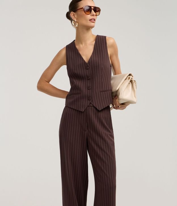 Calça Reta Alfaiatada em Crepe com Listras de Fio Tinto Marrom
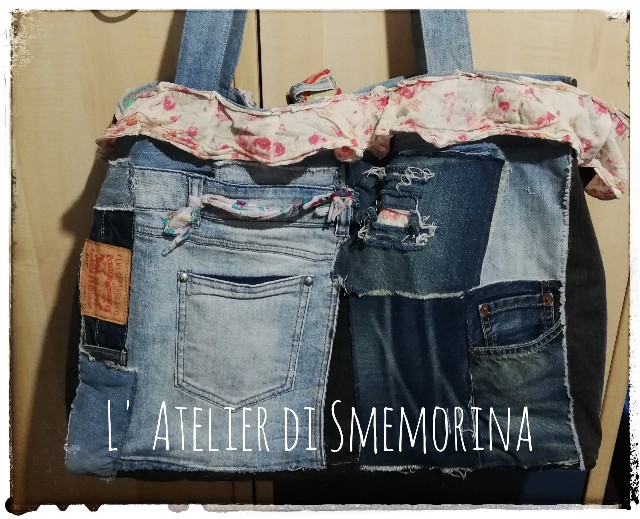 No, non è un refuso, intendo proprio questo, una grande, grandissima borsa! Ecco cosa ho realizzato con tutti quei vecchi jeans.
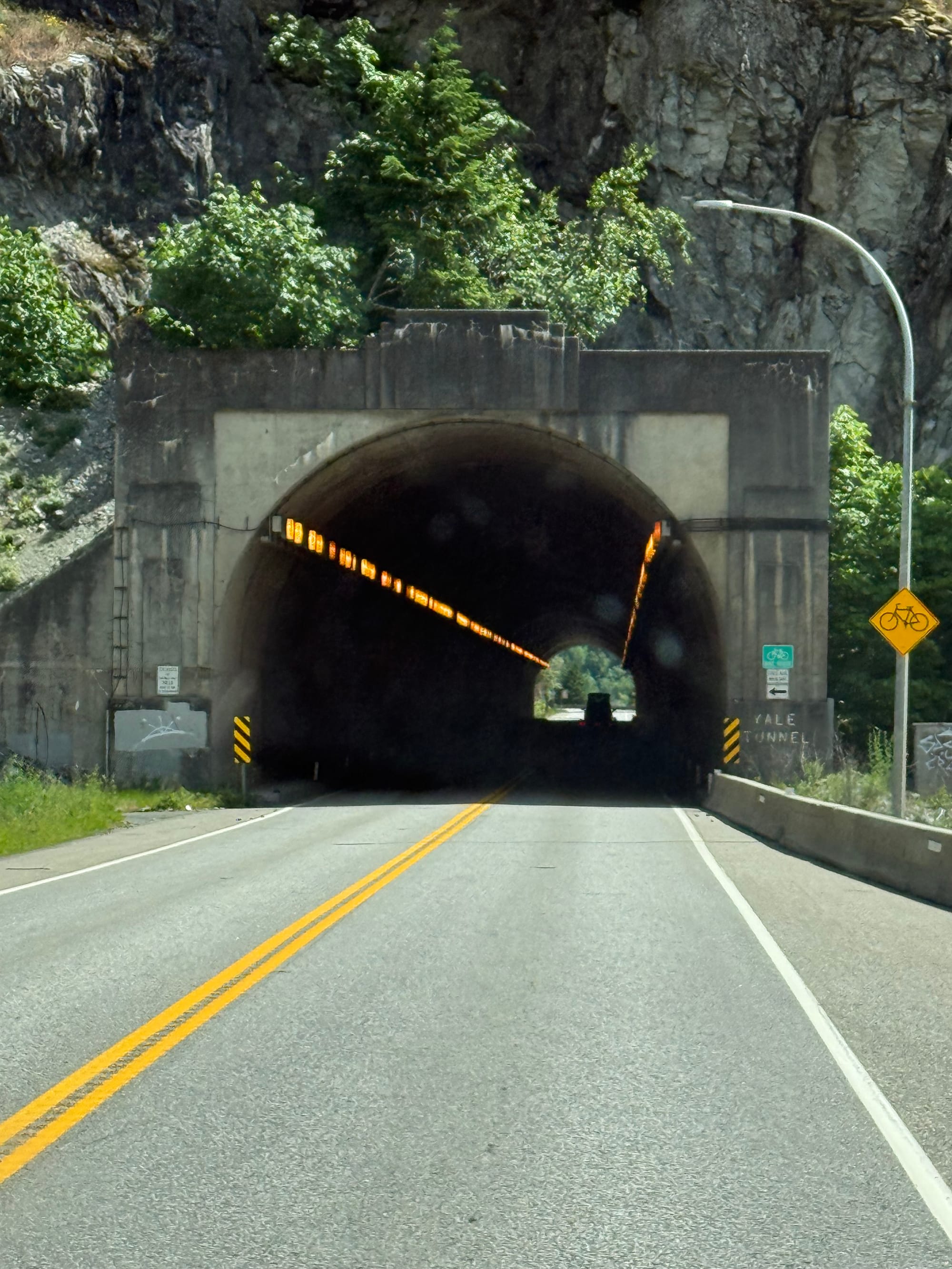 Following Hope, Canada Highway 1 winded through the northern part of the Cascade Mountain Range. The road follows the rail lines as well as the river. There were 7 tunnels including one of the longest in North America.
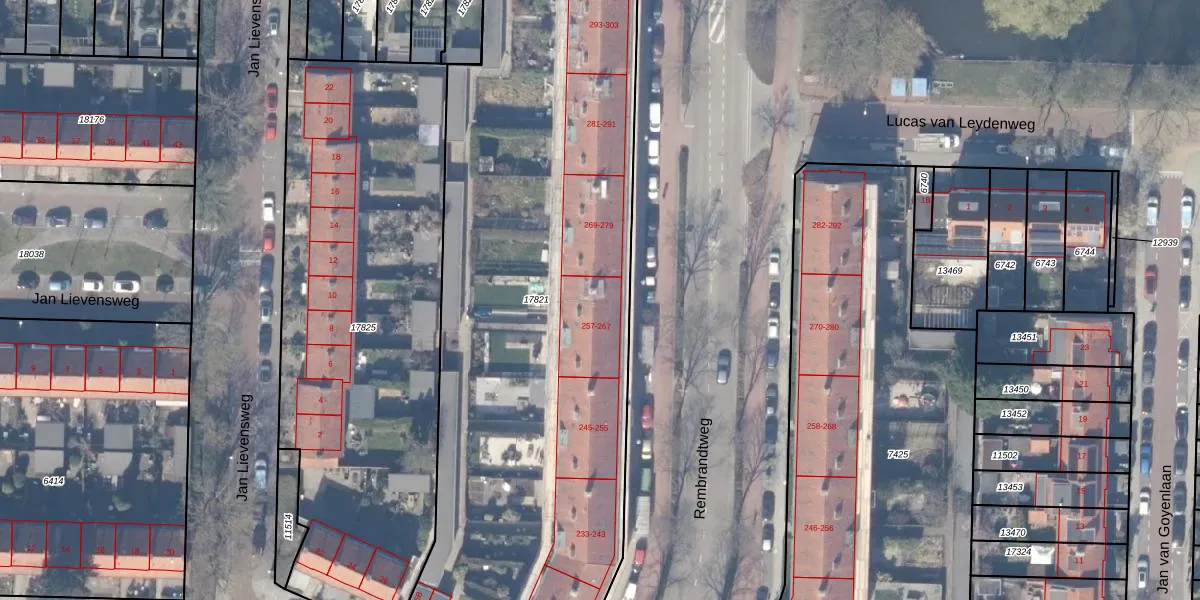 Rembrandtweg 265 is gelegen op kadastraal perceel ASV00H17821. Deze kadastrale aanduiding is uniek en wordt gebruikt door het Kadaster om eigendomsrechten en andere zakelijke rechten vast te leggen. Het perceel maakt onderdeel uit van de kadastrale gemeente Amstelveen.
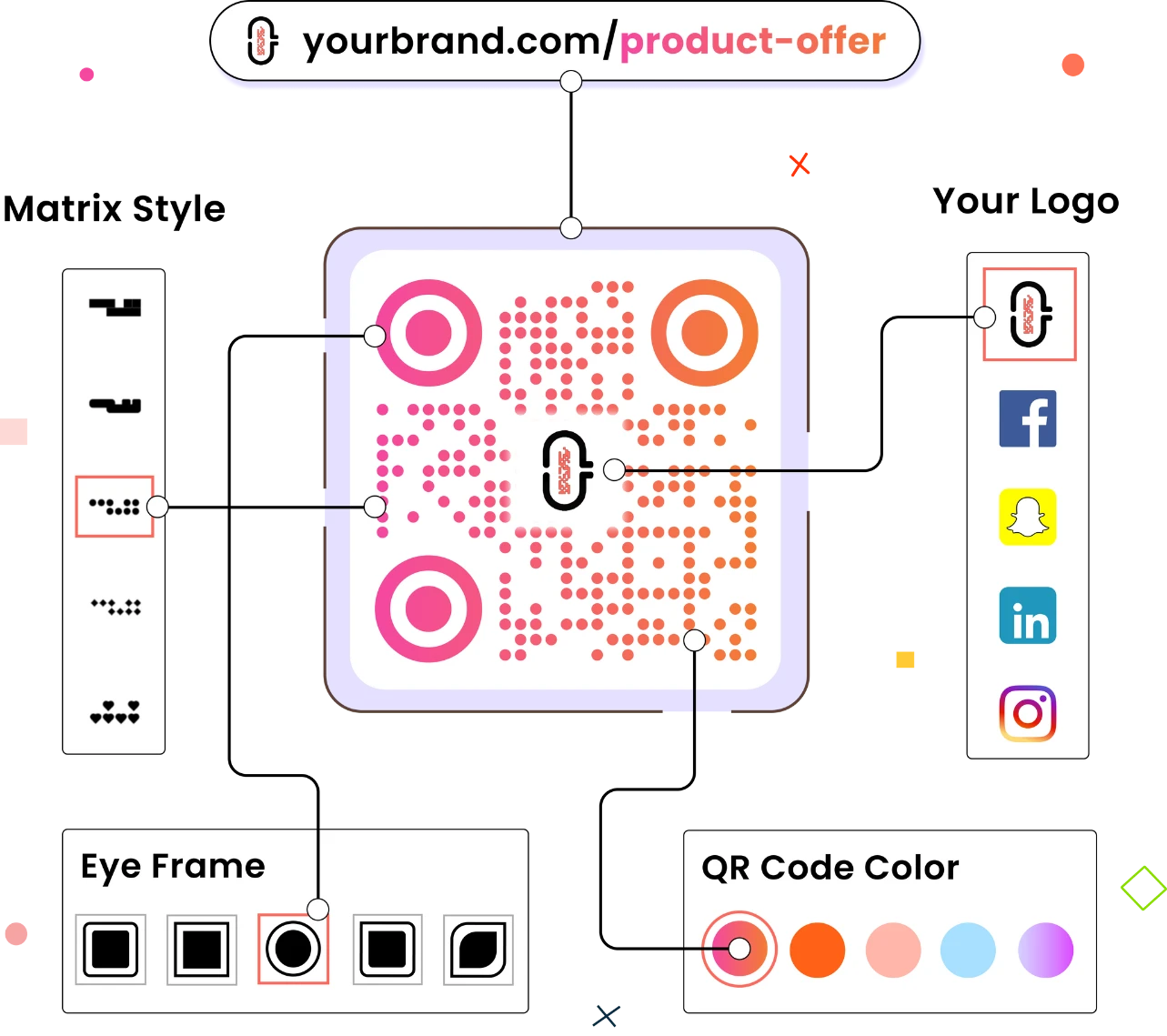 - Customize QR codes with your own logo, brand colors, and unique eye frames.
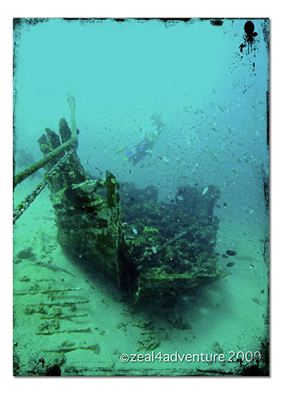 A resident school of bat friendly batfish and large surgeon fish make this a popular dive spot. Surrounded by sand, the wreck has attracted many eels, damsels, and trumpets.
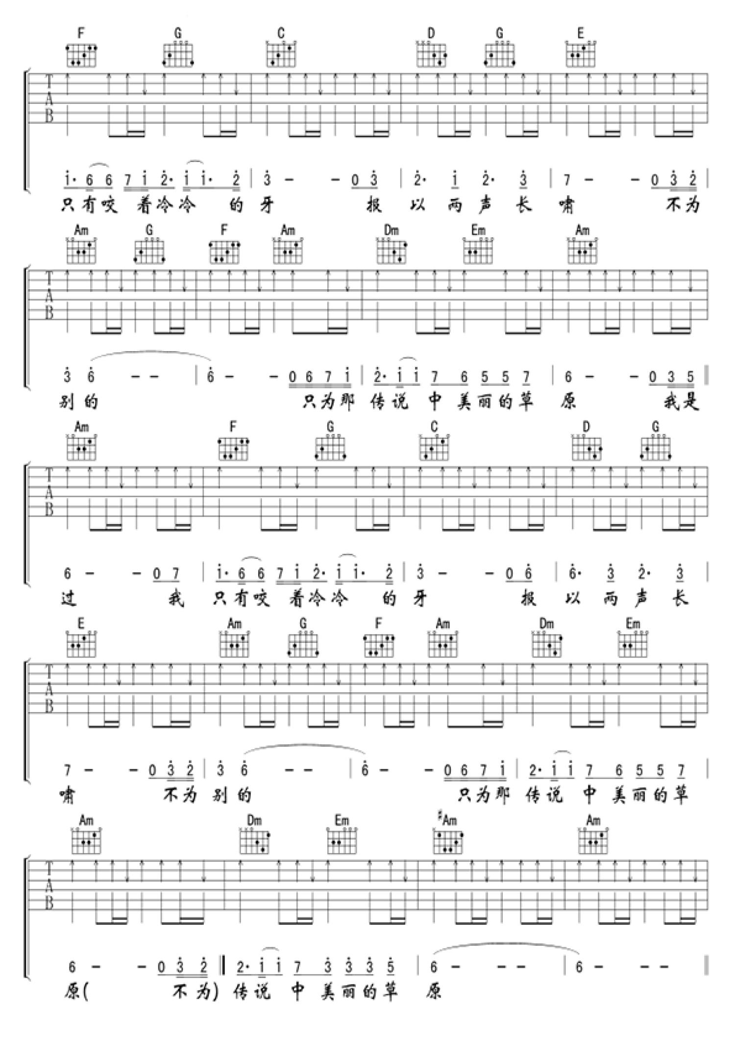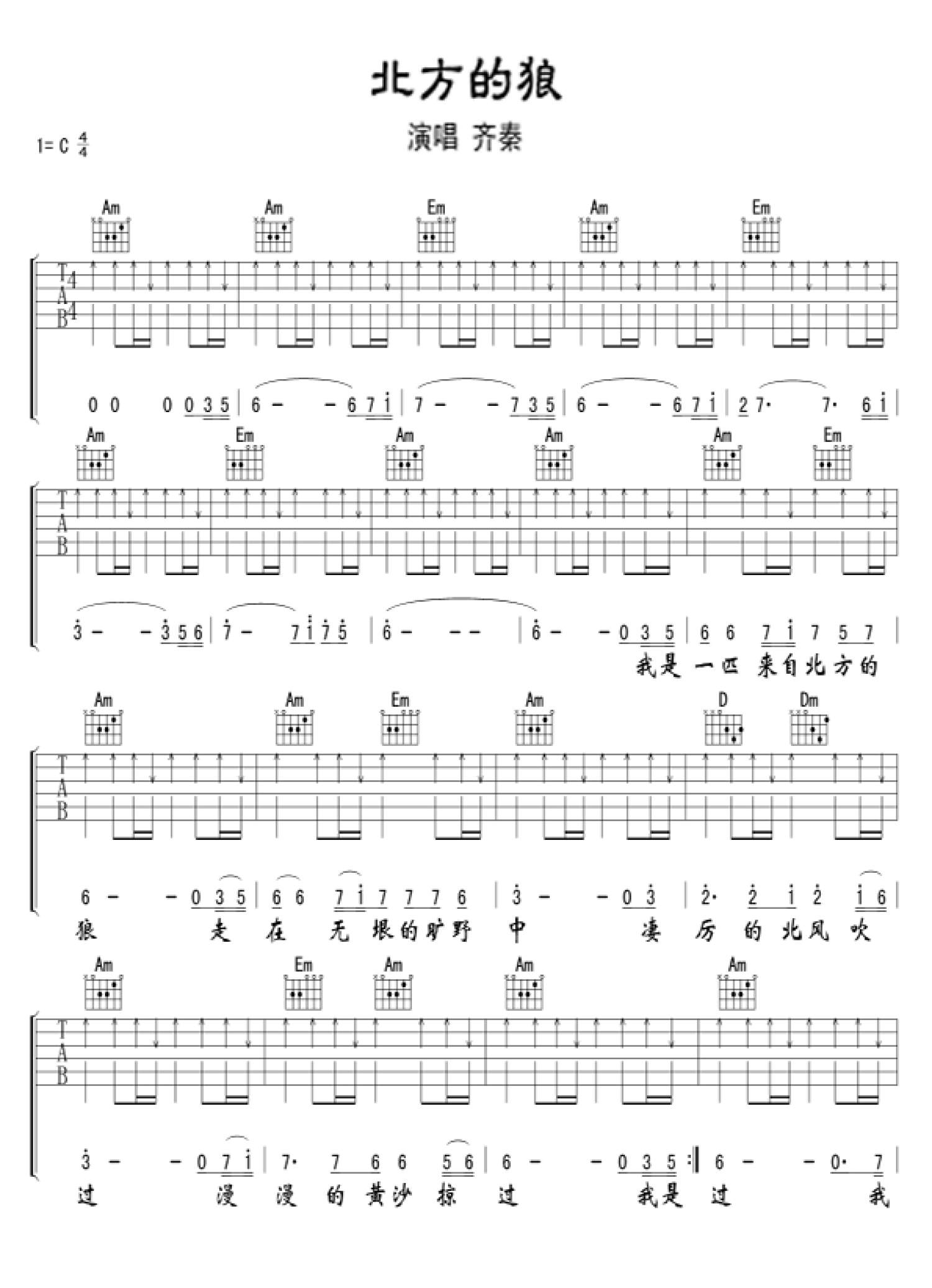曲谱介绍: 齐秦《北方的狼》吉他谱_C调吉他弹唱谱
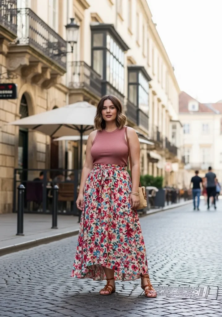A maxi skirt paired with a tank top creates a soft and elegant outfit that works perfectly for European summer days. The long skirt adds movement while the tank keeps the outfit breathable. It’s perfect for both daytime exploring and relaxed evenings. This look feels balanced and chic.
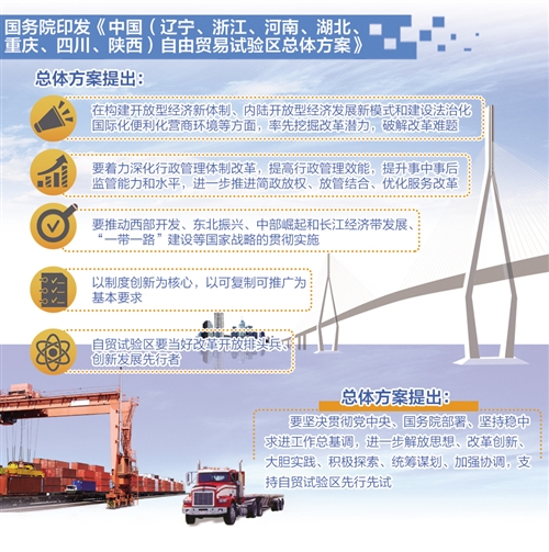 此外,新自貿(mào)試驗(yàn)區(qū)在整體方案設(shè)計(jì)上也考慮到了差異化問(wèn)題,在試點(diǎn)內(nèi)容上進(jìn)行立體化探索。遼寧重點(diǎn)深化國(guó)資國(guó)企改革;浙江一項(xiàng)重要的內(nèi)容就是要通過(guò)建設(shè)國(guó)際海事服務(wù)基地、國(guó)際油品的儲(chǔ)運(yùn)基地來(lái)推動(dòng)對(duì)外貿(mào)易發(fā)展;河南要打造國(guó)際交通物流通道,來(lái)降低運(yùn)輸費(fèi)用;湖北重點(diǎn)推動(dòng)創(chuàng)新驅(qū)動(dòng)發(fā)展和促進(jìn)中部地區(qū)與長(zhǎng)江經(jīng)濟(jì)帶戰(zhàn)略對(duì)接以及相關(guān)產(chǎn)業(yè)升級(jí);重慶將重點(diǎn)推進(jìn)“一帶一路”和長(zhǎng)江經(jīng)濟(jì)帶聯(lián)動(dòng)發(fā)展;四川要推動(dòng)內(nèi)陸與沿海沿邊沿江協(xié)同開(kāi)發(fā)戰(zhàn)略,結(jié)合創(chuàng)新要素;陜西將創(chuàng)新現(xiàn)代農(nóng)業(yè)交流合作機(jī)制,擴(kuò)大與“一帶一路”沿線國(guó)家的合作。王受文表示:“這些不同的自貿(mào)試驗(yàn)區(qū)試點(diǎn)各具特色,為的是在全國(guó)能夠形成可復(fù)制、可推廣的經(jīng)驗(yàn),在全國(guó)來(lái)推廣。”

:::

- **REQUIRED ACTION**: In your copy of the entries above, leave out the pictures and keep every word exact.

- **RESPONSE TO THIS TASK**:
 Calça Reta Alfaiatada em Crepe com Listras de Fio Tinto Marrom
 No, non è un refuso, intendo proprio questo, una grande, grandissima borsa! Ecco cosa ho realizzato con tutti quei vecchi jeans.
 Following Hope, Canada Highway 1 winded through the northern part of the Cascade Mountain Range. The road follows the rail lines as well as the river. There were 7 tunnels including one of the longest in North America.
 Rembrandtweg 265 is gelegen op kadastraal perceel ASV00H17821. Deze kadastrale aanduiding is uniek en wordt gebruikt door het Kadaster om eigendomsrechten en andere zakelijke rechten vast te leggen. Het perceel maakt onderdeel uit van de kadastrale gemeente Amstelveen.
 - Customize QR codes with your own logo, brand colors, and unique eye frames.
 A resident school of bat friendly batfish and large surgeon fish make this a popular dive spot. Surrounded by sand, the wreck has attracted many eels, damsels, and trumpets.
曲谱介绍: 齐秦《北方的狼》吉他谱_C调吉他弹唱谱
A maxi skirt paired with a tank top creates a soft and elegant outfit that works perfectly for European summer days. The long skirt adds movement while the tank keeps the outfit breathable. It’s perfect for both daytime exploring and relaxed evenings. This look feels balanced and chic.
 此外,新自貿(mào)試驗(yàn)區(qū)在整體方案設(shè)計(jì)上也考慮到了差異化問(wèn)題,在試點(diǎn)內(nèi)容上進(jìn)行立體化探索。遼寧重點(diǎn)深化國(guó)資國(guó)企改革;浙江一項(xiàng)重要的內(nèi)容就是要通過(guò)建設(shè)國(guó)際海事服務(wù)基地、國(guó)際油品的儲(chǔ)運(yùn)基地來(lái)推動(dòng)對(duì)外貿(mào)易發(fā)展;河南要打造國(guó)際交通物流通道,來(lái)降低運(yùn)輸費(fèi)用;湖北重點(diǎn)推動(dòng)創(chuàng)新驅(qū)動(dòng)發(fā)展和促進(jìn)中部地區(qū)與長(zhǎng)江經(jīng)濟(jì)帶戰(zhàn)略對(duì)接以及相關(guān)產(chǎn)業(yè)升級(jí);重慶將重點(diǎn)推進(jìn)“一帶一路”和長(zhǎng)江經(jīng)濟(jì)帶聯(lián)動(dòng)發(fā)展;四川要推動(dòng)內(nèi)陸與沿海沿邊沿江協(xié)同開(kāi)發(fā)戰(zhàn)略,結(jié)合創(chuàng)新要素;陜西將創(chuàng)新現(xiàn)代農(nóng)業(yè)交流合作機(jī)制,擴(kuò)大與“一帶一路”沿線國(guó)家的合作。王受文表示:“這些不同的自貿(mào)試驗(yàn)區(qū)試點(diǎn)各具特色,為的是在全國(guó)能夠形成可復(fù)制、可推廣的經(jīng)驗(yàn),在全國(guó)來(lái)推廣。”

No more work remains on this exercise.